A recent ruling by an advertising regulator could cause business car and fleet assets some residual values (RV) headwinds.
Consumers who bought cars from retailers who had not disclosed that these vehicles were formerly private hire or fleet vehicles could receive hundreds or, according to some reports, thousands of pounds back.
When it comes to the selling of ex-business use vehicles, in November 2017 the Advertising Standards Agency (ASA) published a seemingly straightforward update on selling ex-business use vehicles: “If you are a fleet operator selling ex-business use vehicles, the ASA will expect information about the ex-fleet nature of the vehicle to be included in your advertising.”
This position came about as a result of its ruling on Glyn Hopkin and Fiat Chrysler Automobiles UK (FCA) earlier in the year, when it considered it reasonable to expect FCA to provide records showing how vehicles had been used while under their ownership as a fleet operator, including whether they were driven by multiple users.
In this case, FCA provided evidence that the vehicles involved in the case had only been used by one user while part of the fleet. The ASA said the adverts did not state that the cars were previously used for business purposes while part of Fiat Chrysler Automobiles UK’s fleet and for that reason the ads breached the Code of non-broadcast Advertising and direct and Promotional Marketing (CAP Code).
While this case involved ex-fleet vehicles, the ASA said it was likely it would take a similar view for ex-hire vehicles to be identified as such in ads.
Law firm Harcus Sinclair is now seeking to bring a group action claim on behalf of consumers who purchase second hand vehicles but were not informed if it was used by a fleet.
“By withholding such information from the purchaser, we will allege that the purchaser was mis-sold their vehicle by the manufacturer or dealer and may be eligible for compensation,” the firm has said.
Speaking to the RAC, Damon Parker, head of litigation at Harcus Sinclar said any buyers who had been mis-sold a vehicle in this way could receive between 25% and 100% of the price paid if the vehicle seller was found to have violated the Consumer Protection from Unfair Trading Regulations 2008.

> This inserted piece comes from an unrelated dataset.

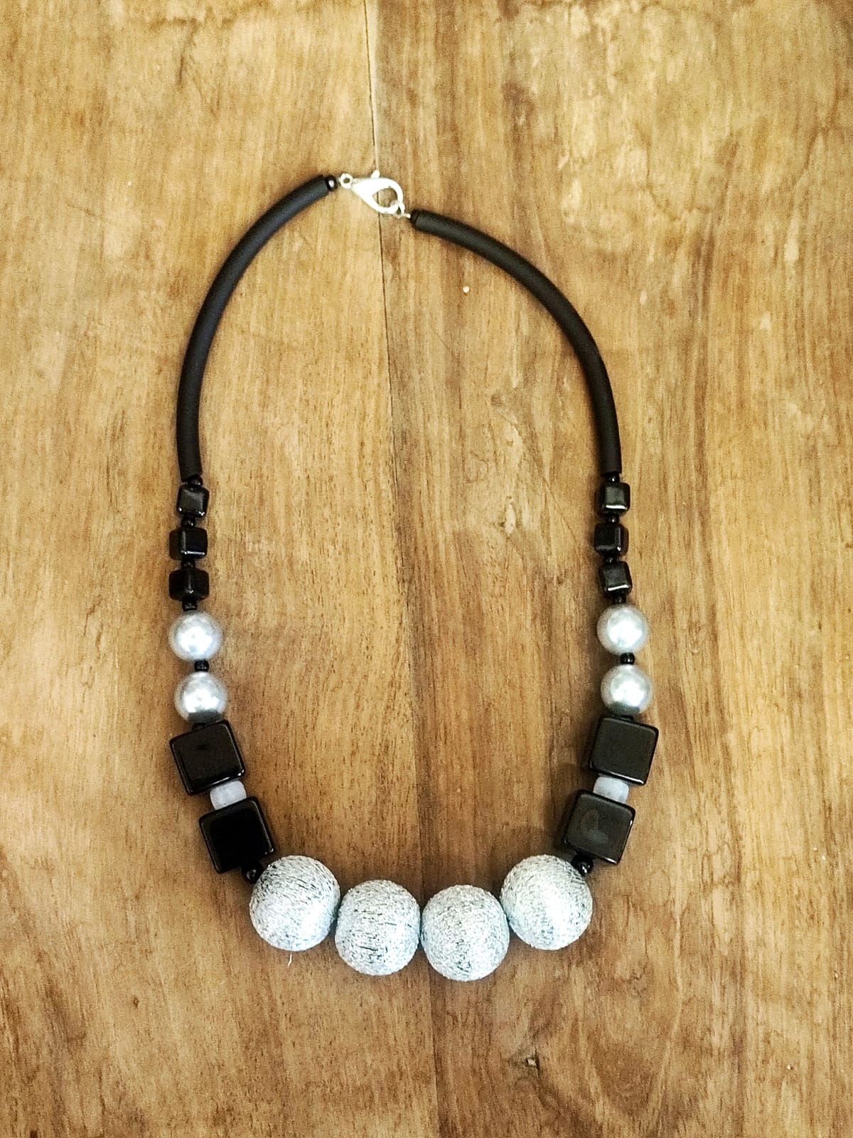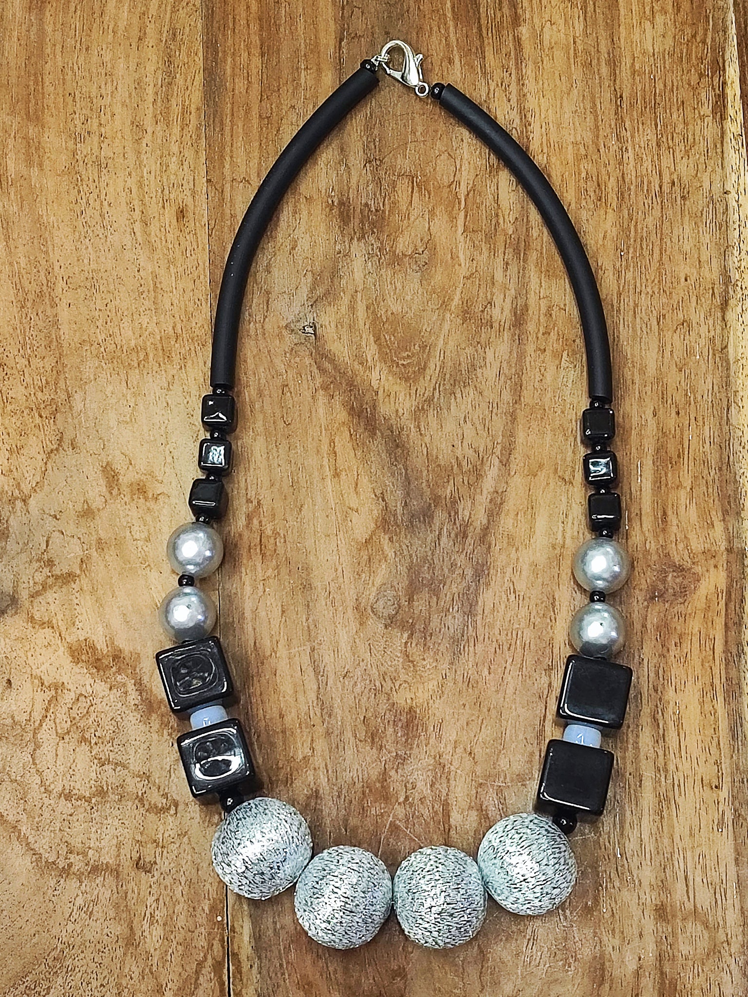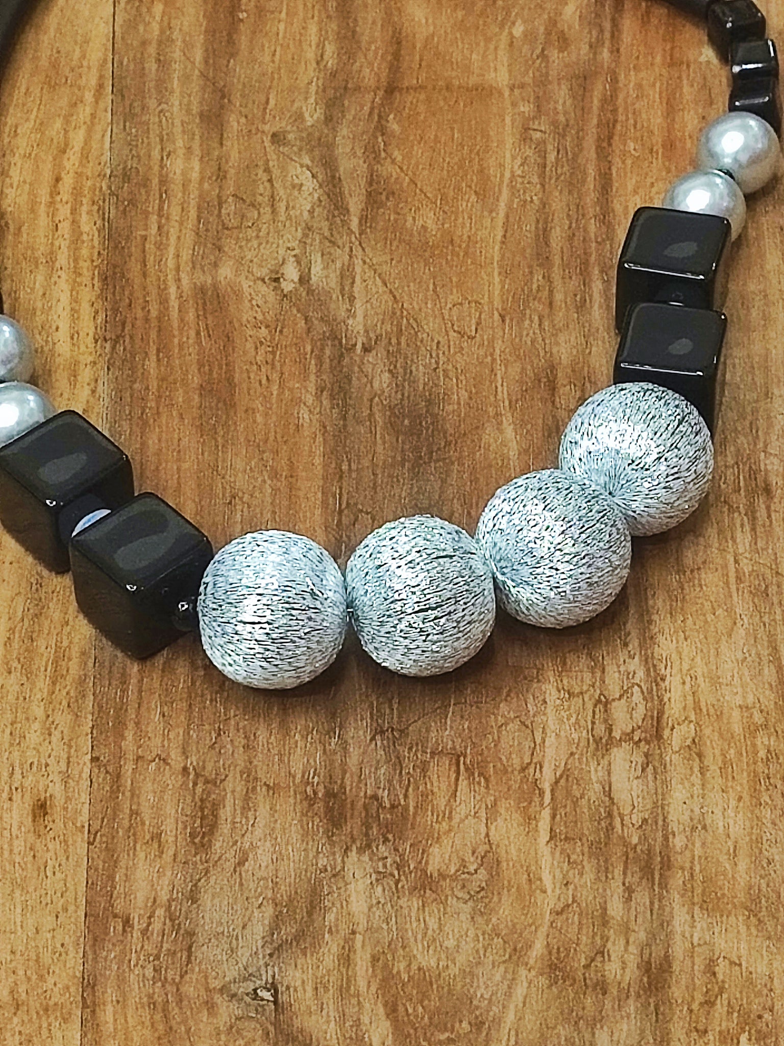 Raffinata collana girocollo in nero e argento. Un esemplare unico di straordinaria eleganza che combina perle nere in vetroresina con preziose perle argentate in seta per un contrasto di texture sofisticato.
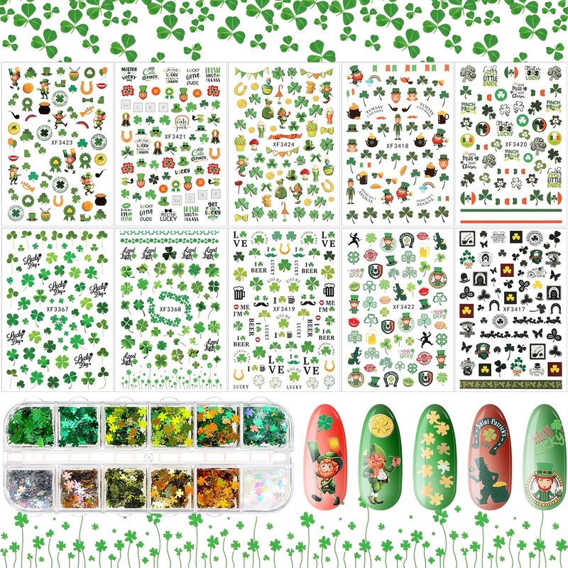 - Nice combination: you will receive 10 sheets St. Patrick's Day nail art stickers, totally more than 700 pieces, and 1 box glitter nail sequins which includes 12 grids, they are well-packed and enough to meet your different needs and for replacement

Regardless, those around the industry have agreed that this is just the latest example of why transparency, accountable sales and marketing process are so important.
Abe Smith, chief executive officer of Dealflo, said, for example: “While the ASA is encouraging all dealers to review and adjust their advertising, notably online, the threat of litigation still exists if it is deemed that dealers have breached the Consumer Protection from Unfair Trading Regulations (2008).

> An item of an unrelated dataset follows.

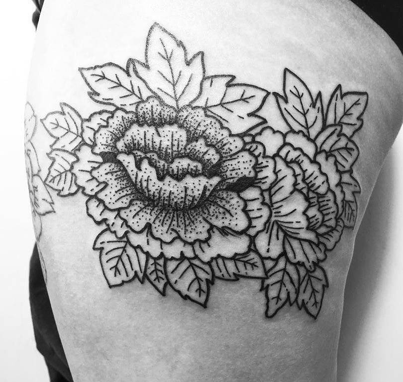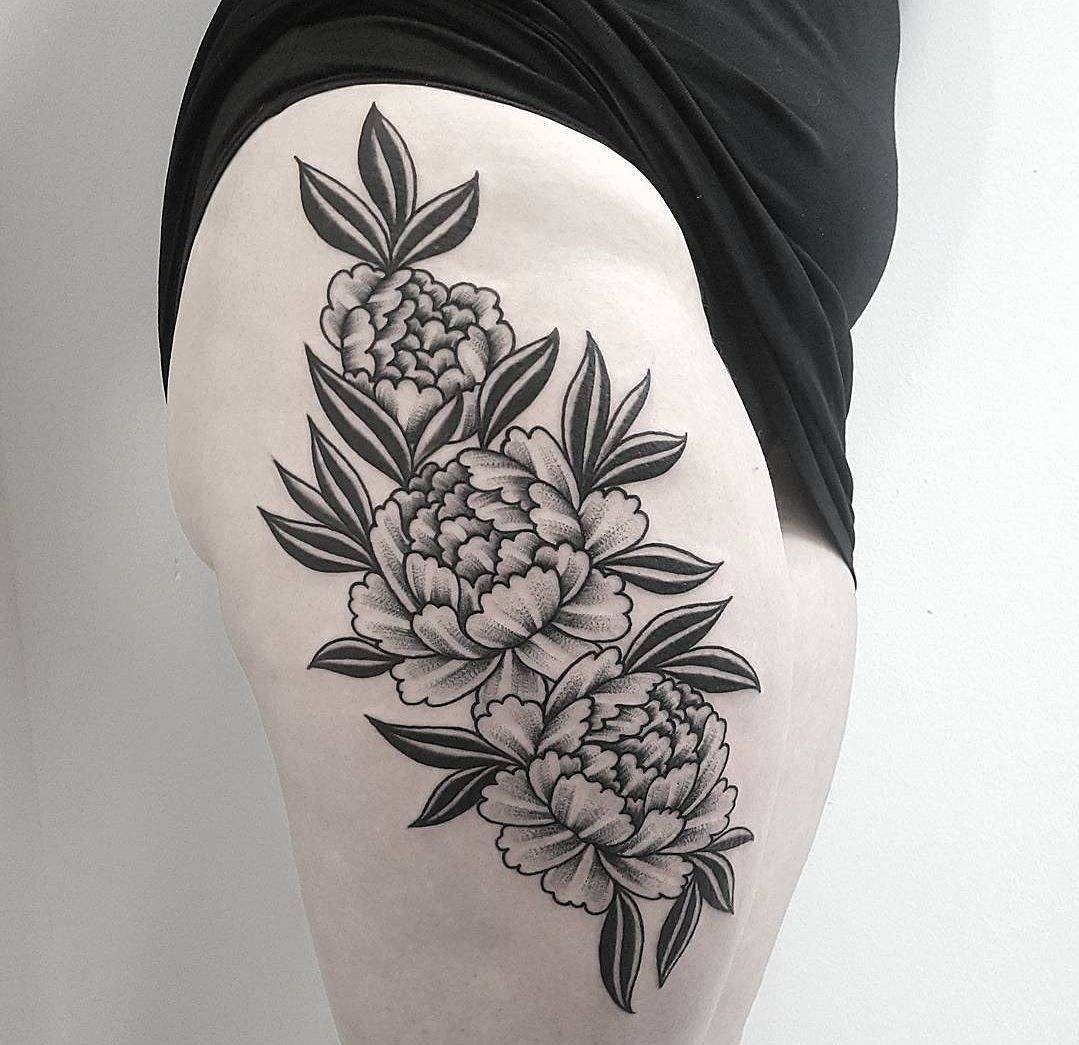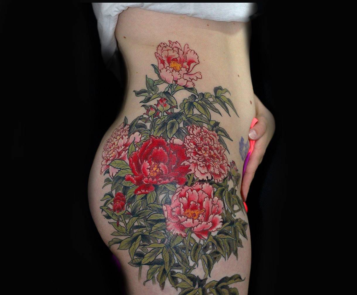 - На бедрах пионы хорошо сочетаются с животными или различными цветами, также здесь принято создавать больше картины, как на «рукавах». Пользуются спросом абстрактные картины с кружевами, подчеркивающие сексуальность девушки.

“While few if any dealers may be able to defend such a position, I urge dealers to act now to change their approach as directed by the ASA and to review their wider sales and marketing processes. They need to establish what other potential gaps in their processes exist, if any, and just as importantly ensure they have clear controls in place to evidence that the entire sales and marketing process has been undertaken in a manner that is beyond reproach.”
But there are some dealers who have not heeded the ASA since then and have paid the price.

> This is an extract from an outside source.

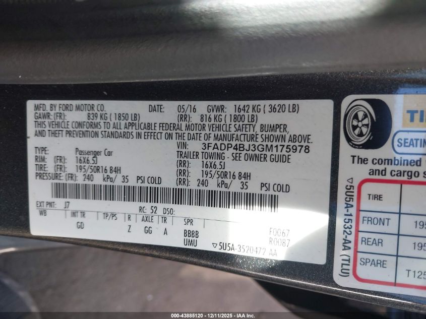 Цвет СерыйЦилиндры 4Привод Передний приводVIN 3FADP4BJ3GM175978Состояние Заводится и едет (проверено)Повреждения Передняя или задняя AutoRIA

In January 2018, a Peugeot dealership in Gateshead was fined £5,000 for failing to disclose to a customer a ‘one previous owner’ car had been used by a car hire firm.
Rupert Pontin, director of valuations at Cazana and director of the vehicle remarketing association, told Motor Finance that remarketers were still sizing up the issue and whether it would have an effect on residual values of business car assets.
“It would appear, from a consumer perspective, [the ASA] is making it a residual value issue, by pushing the fact that multi-user vehicle is not a good vehicle to buy, and therefore worth less money,” said Pontin.
“And the other side of the argument is the transparency of whether that is declared or not. In many cases, when someone is buying a car, they will go through the process of looking at a V5 registration document and they will see that there is a business owner to that vehicle. I am sure the majority of garages would provide all that information to the consumer as they are looking to purchase.”
Pontin said that due to the extensive contracts maintained that rental and hire businesses owe to car manufacturers, and the constant maintenance and management required by business car fleets, business car assets were often better value for consumers than privately-owned cars.
“A business car lessor has to keep its cars maintained, and must keep that car in a good, roadworthy condition for its company user from a health and safety perspective.
“And that still holds true when you look at a rental car… every time that car comes back from hire, it goes through a valet process, it has to be maintained to manufacturer’s service requirements,” said Pontin.
It might be that dealers could end up paying less for rental cars to insure themselves against a future drop in values, but Pontin was cautiously optimistic that the asset class can protect its RV from the ASA issue.
“I think perhaps for some rental vehicles there may be a possibility that the trade will try and buy vehicles for less money, but whether that is right or not is a discussion point,” he said.
“From a Cazana point of view I would say we do not expect to see a drop in any form of residual values for business owned vehicles.
“As the director of the vehicle remarketing association, we recently had this discussion with our members. While the industry is very concerned about what legislation or what decisions might have to be made going forward, I do not think there is anyone who is necessarily expecting to see residual values dip.”